2. What about the `H225L` mutation?

# What happens if you mutate a residue in the catalytic triad?

In [None]:
cata_triad_sele

In [None]:
cat_triad_mut_view = nglview.show_file(
    '../../data/structures/O15393_swiss_model_mut1.pdb')
cat_triad_mut_view.add_component(
    '../../data/structures/O15393_swiss_model.pdb')

cat_triad_mut_view.component_1.clear_representations()
cat_triad_mut_view.component_0.add_licorice(selection=cata_triad_sele)
cat_triad_mut_view.component_1.add_licorice(selection='441', color='cyan')
cat_triad_mut_view.center(selection=cata_triad_sele)

cat_triad_mut_view

## Questions
1. What is the effect of the `S441G` mutation on enzyme activity?

# Disrupting a disulfide

In [None]:
disulf_mut_view = nglview.show_file(
    '../../data/structures/O15393_swiss_model_mut1.pdb')
disulf_mut_view.add_component(
    '../../data/structures/O15393_swiss_model.pdb')

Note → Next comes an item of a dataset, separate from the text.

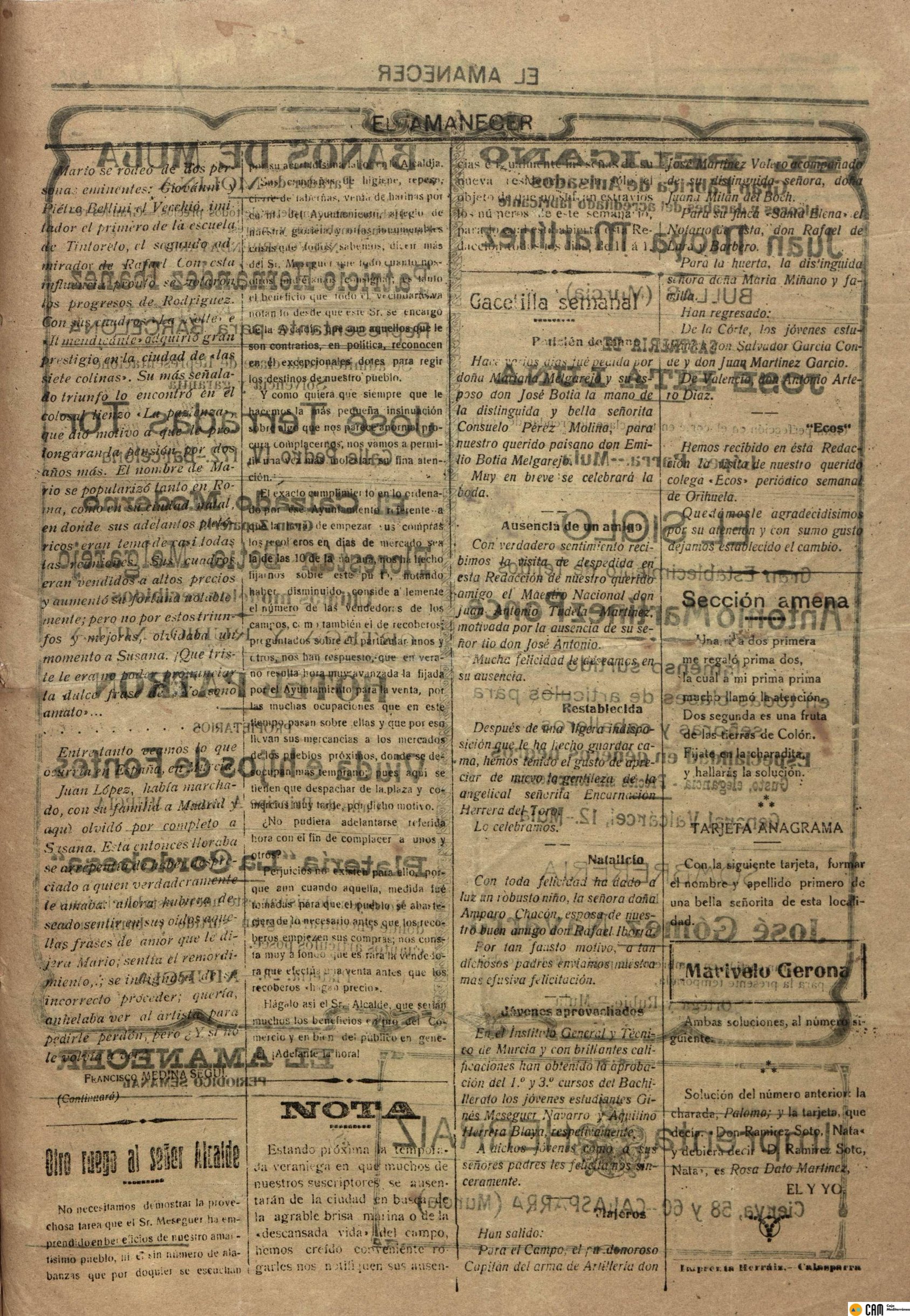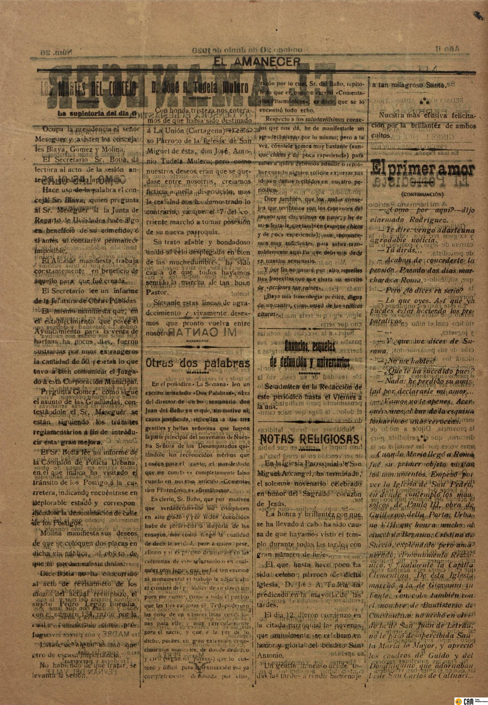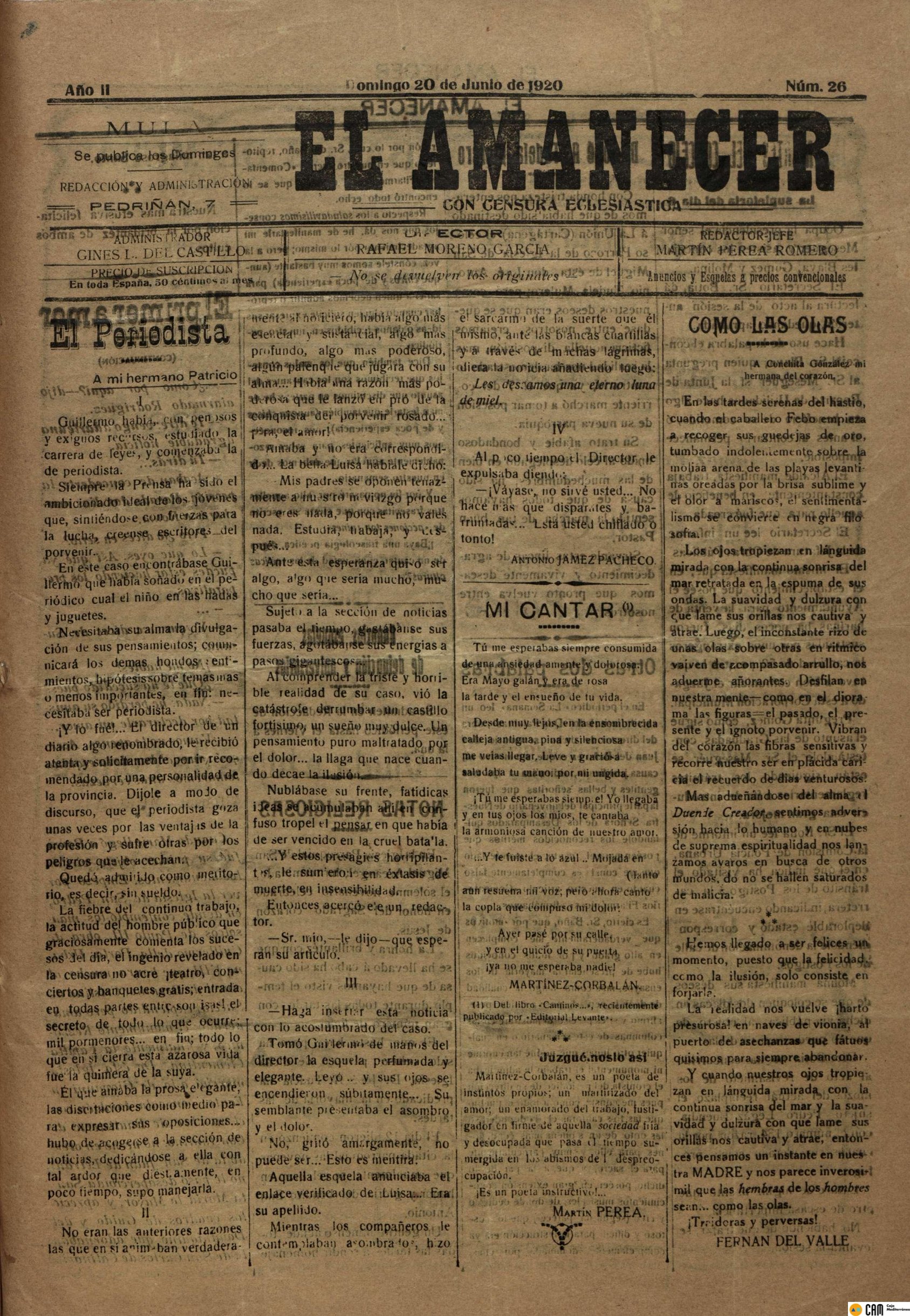 Periodico de Mula el Amanecer nº26 20 Junio de 1920

disulf_mut_view.component_1.clear_representations()
disulf_mut_view.component_0.add_licorice(selection='172, 231')
disulf_mut_view.component_1.add_licorice(selection='231', color='cyan')
disulf_mut_view.center(selection='172, 231')

disulf_mut_view

## Questions
1. What is the predicted effect of `C231A` mutation in respect to protein stability?

## Exercise
1. Another important residue in this structure is `D435`, which [Meng et al.](https://www.biorxiv.org/content/10.1101/2020.02.08.926006v3.full) suggest is important for binding the S protein substrate. What is the structural context of `D435`? Show the context using `nglview` or Pymol.
2. Qualitatively, would be the expected effect on TMPRSS2 stability and function if we mutated `D435` to each of the following amino acids:
    1. Glycine
    2. Tryptophan
    3. Asparagine
    
Optionally, show a detailed comparison of each mutation using Pymol, using Pymol's `mutagenesis` tool.